*Records supplied:*
···

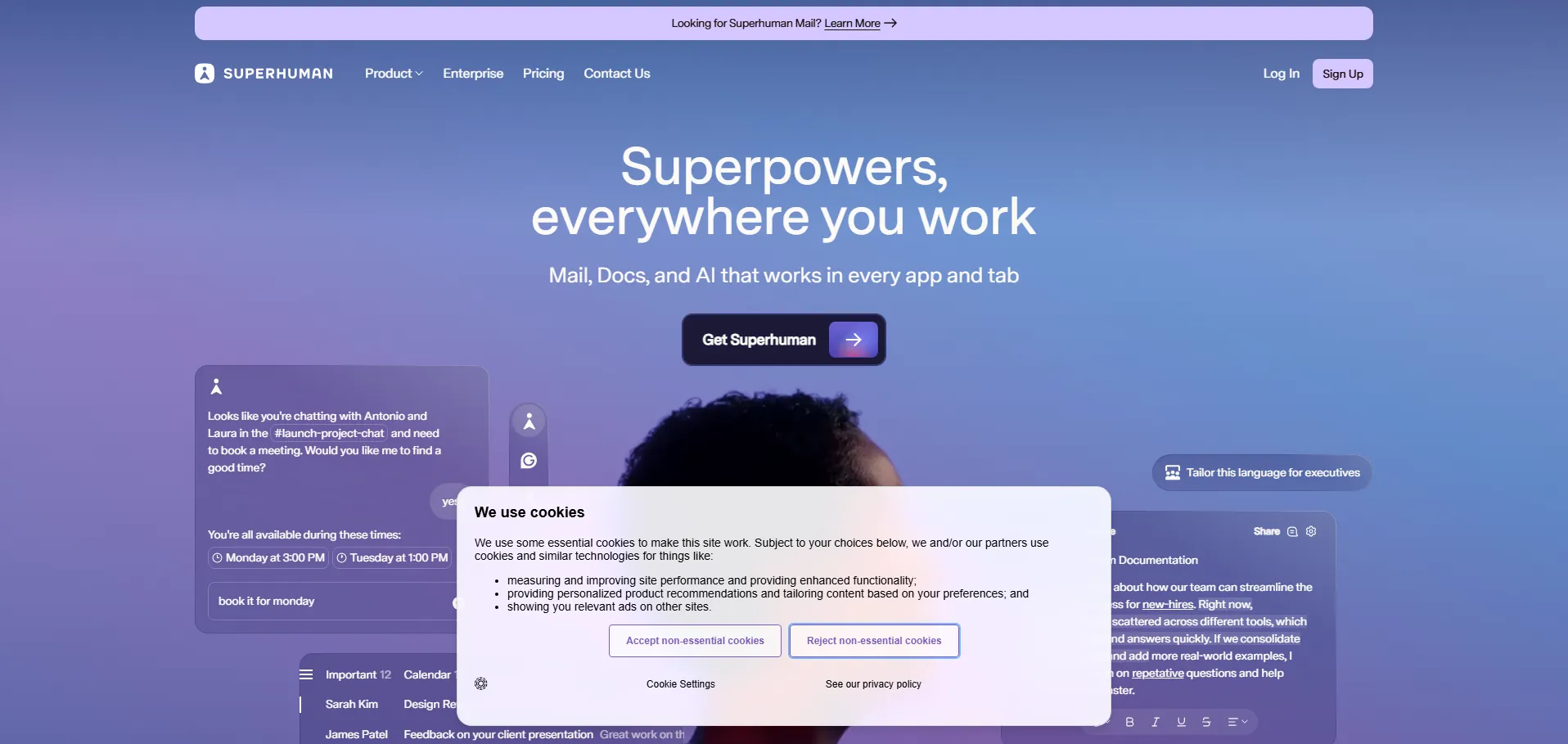Superhuman es un cliente de correo electrónico ultrarrápido y minimalista, diseñado para potenciar la productividad mediante funciones avanzadas basadas en inteligencia artificial. Su interfaz intuitiva integra información de redes sociales, permite deshacer envíos al instante y ofrece recordatorios de seguimiento y estado de lectura en tiempo real. Con Superhuman, los profesionales gestionan su bandeja de entrada al doble de velocidad y ahorran horas cada semana.
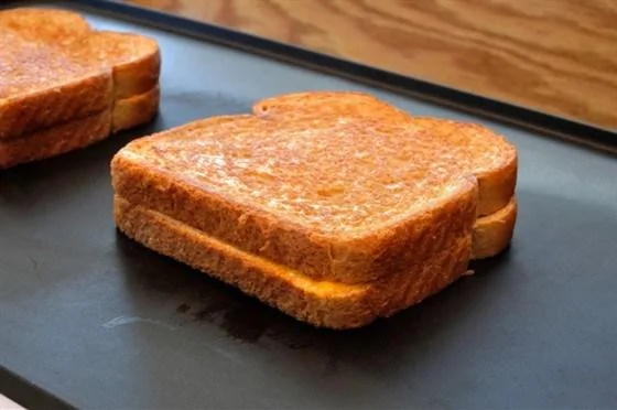 ШАГ 2 Порезать сыр на кусочки и положить на не намазанную маслом сторону хлеба. Сверху положить ложку соуса.
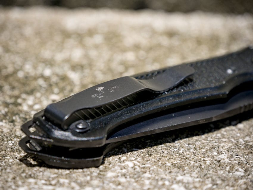 The clip is reversible. Switching sides for left-hand users doesn’t leave it in the way of the deployment button, though you have to carry tip up.
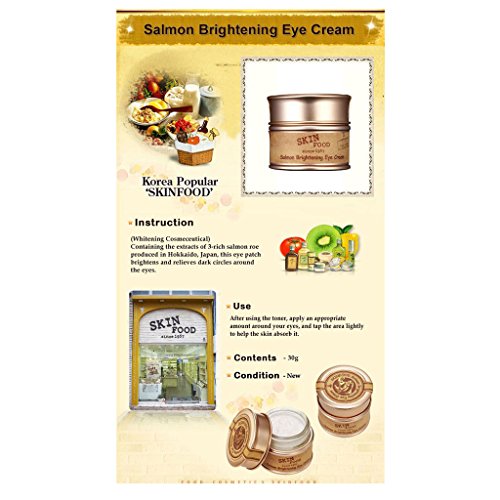 -. Feature : Skin Food Salmon Brightening Eye Cream / 1.06 Oz/30g / Contains arbutin n the extracts of Omega 3-rich salmon roe produced in Hokkaido Japan / Salmon oil recovers eye rim n make it bright effectively / Brightens n relieves dark circles around the eyes
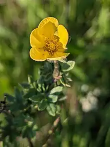 Dasiphora fruticosa subsp. fruticosa, Low Force, Teesdale, England (type locality)
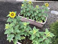 玄関のひまわりの花が咲きました。今日は曇り空ですが、どのひまわりもみんな、一斉に、お日様の方を向いていて、とてもかわいいなぁと思いました。
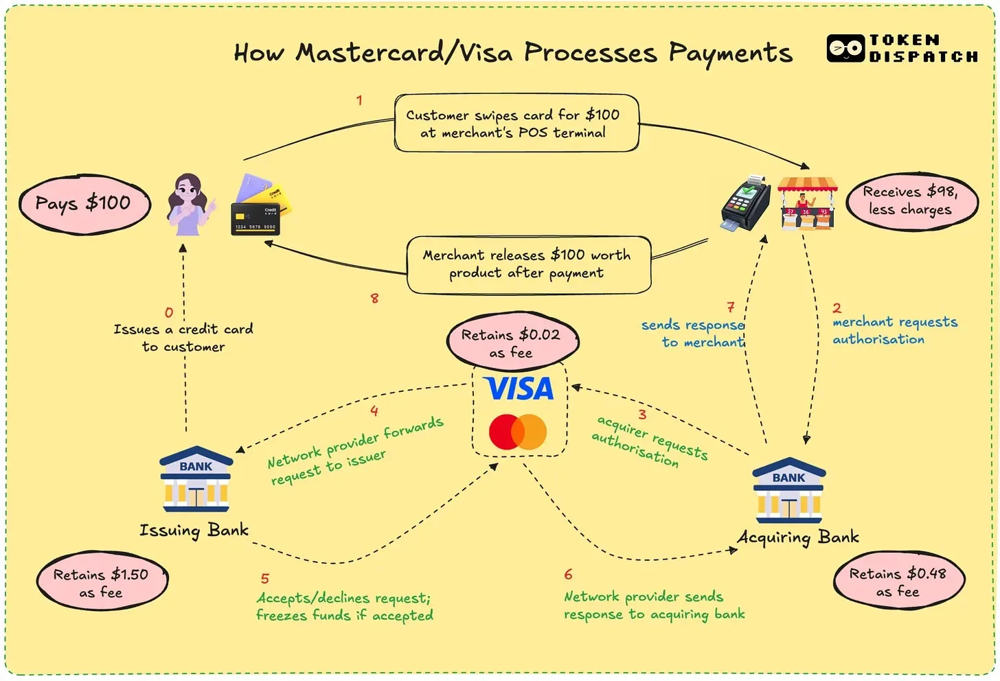 在这一四方模式下,每笔交易通常需1至3天完成结算,且要经过多家机构,商家才能收到款项。例如,2023年全球约57%的非现金交易通过借记卡或信用卡完成,均遵循此流程。
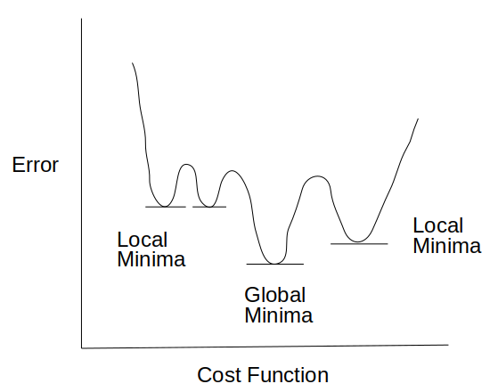 위의 그림과 같이 cost function이 convex하지 않게 된다. 그래서 Local minimal에 빠질 가능성이 높다.
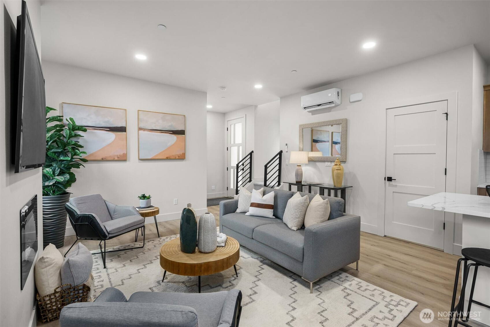 Stunning new construction by Holden Development Group in sought-after South Juanita. Thoughtfully designed with modern elegance and quality craftsmanship, this light-filled home features an open-concept main level ideal for everyday living and entertaining. The gourmet kitchen offers a spacious island with seating, premium stainless appliances, sleek cabinetry, and generous prep space, flowing seamlessly into the dining area and inviting living room. Upstairs, retreat to the luxurious primary suite complete with a spa-inspired bath and generous walk-in closet. A second spacious bedroom, full bath, and conveniently located upper-level laundry enhance functionality and comfort. Enjoy a private fenced yard and patio perfect for relaxing or hosting gatherings, plus one EV-ready parking space. Ideally located near parks, beaches, Juanita Village, and just minutes to downtown Kirkland with easy access to major tech campuses. Top-rated Lake Washington School District, this home blends modern style, smart design, and an unbeatable Eastside location.
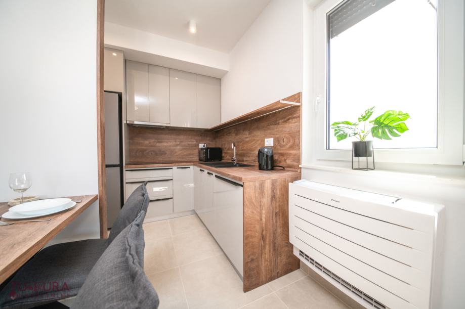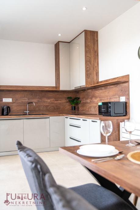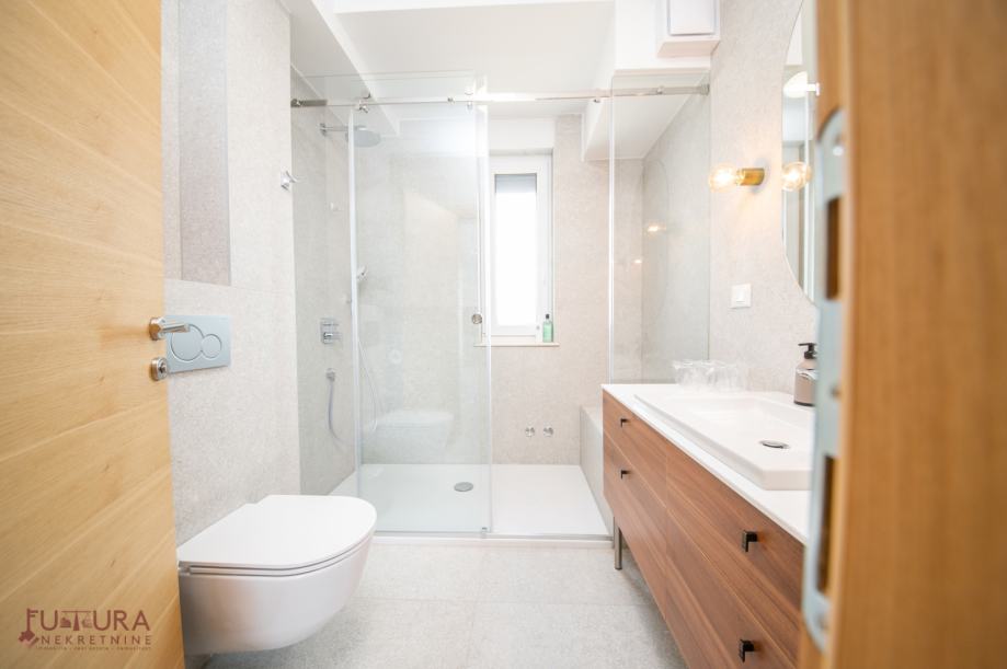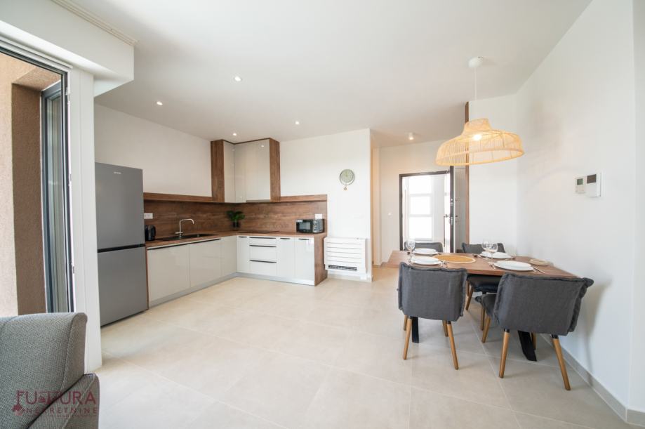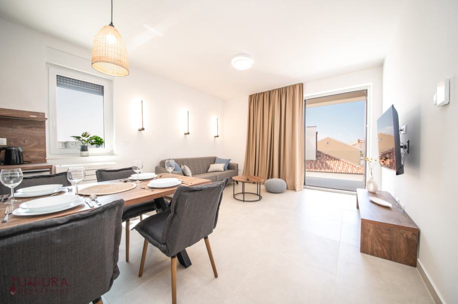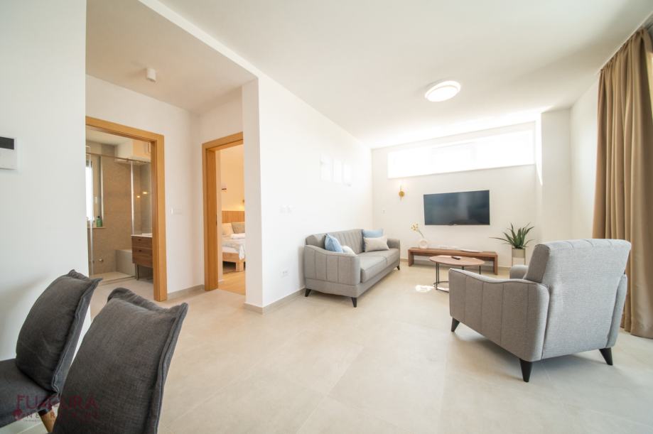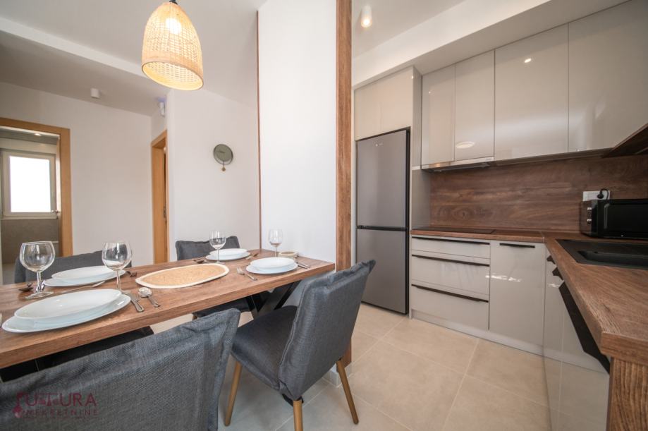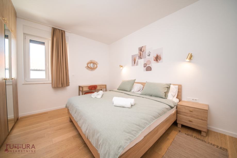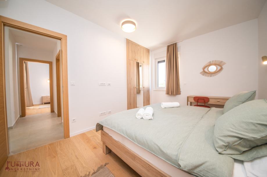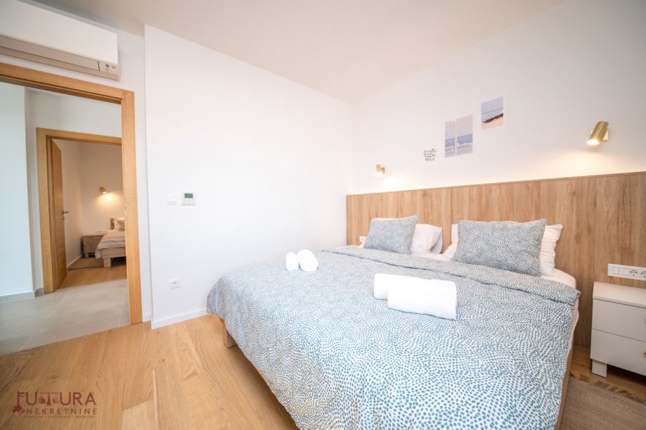 - apartman 2: dvije spavaće sobe, dnevni boravak + kuhinja + blagovaona, hodnik, kupaonica, wc i lođa.
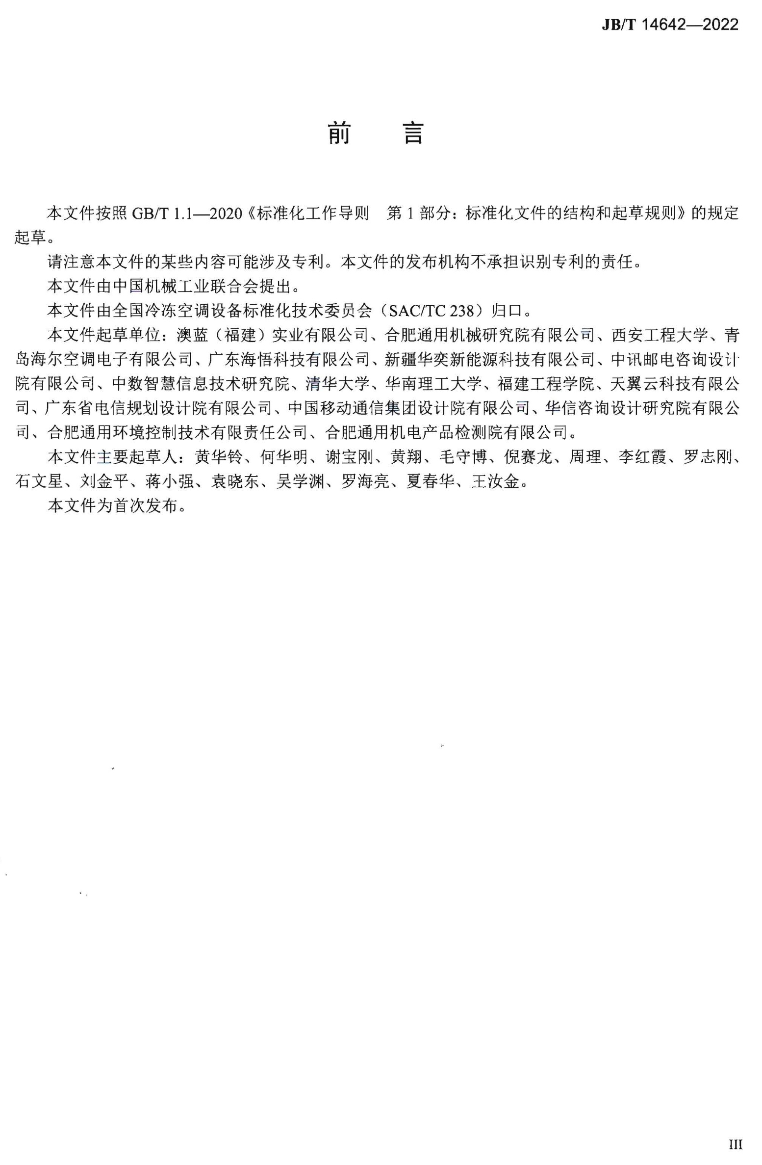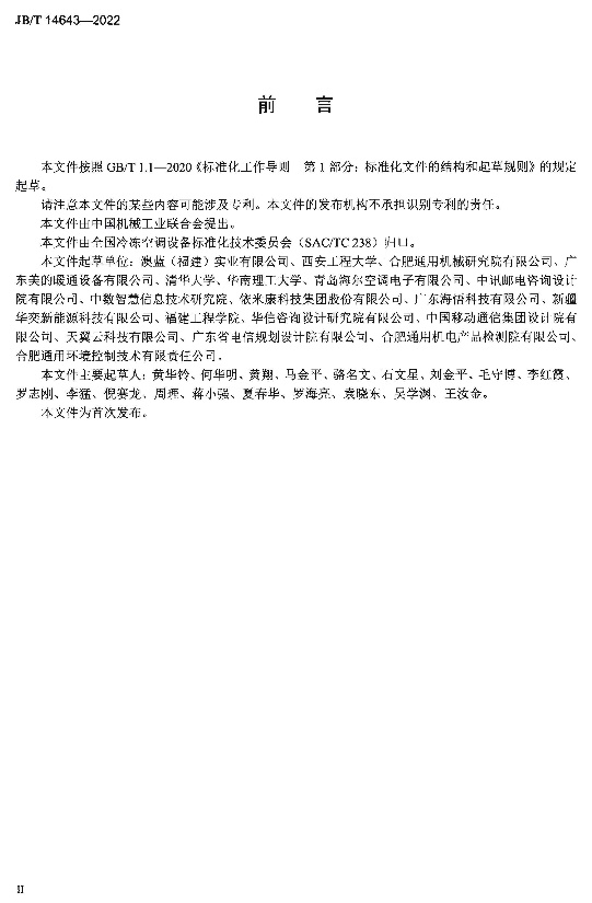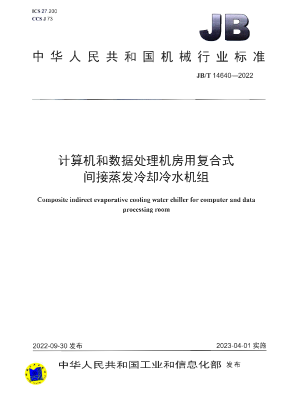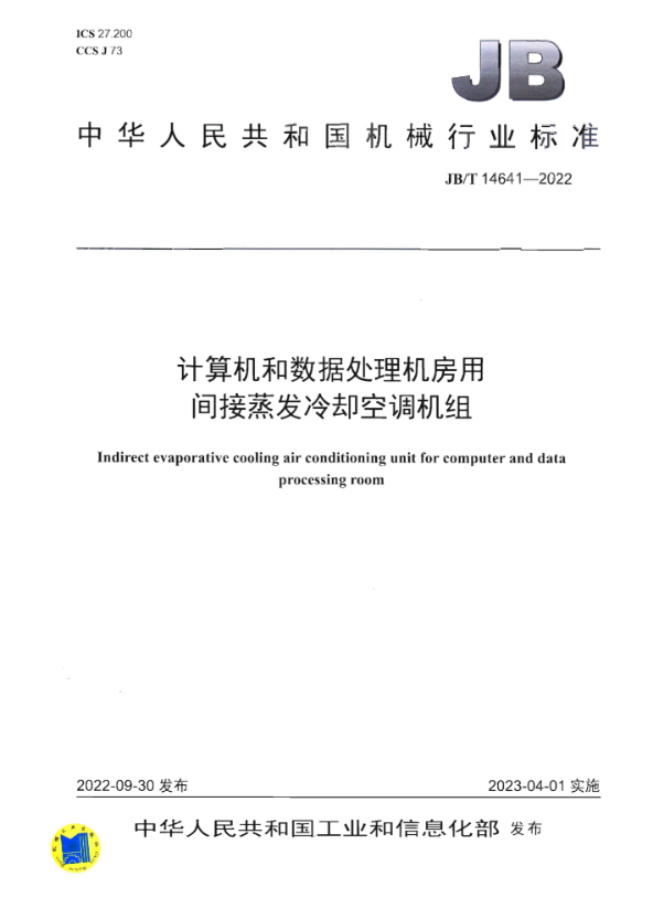 《计算机和数据处理机房用间接蒸发冷却空调机组》(JB/T 14641-2022)规定了计算机和数据处理机房用间接蒸发冷却空调机组为技术要求、试验方法、检验规则以及标志、包装、运输和贮存。该标准适用于计算机、数据处理机和通信设备等机房用的间接蒸发冷却空调机组的制造。

···

*Problem description:* Print everything from the line with "ШАГ 2 Порезать" down to the line with "The clip is" in the entries above, both lines included and nothing more, without the pictures.

*Answer box:*
 ШАГ 2 Порезать сыр на кусочки и положить на не намазанную маслом сторону хлеба. Сверху положить ложку соуса.
 The clip is reversible. Switching sides for left-hand users doesn’t leave it in the way of the deployment button, though you have to carry tip up.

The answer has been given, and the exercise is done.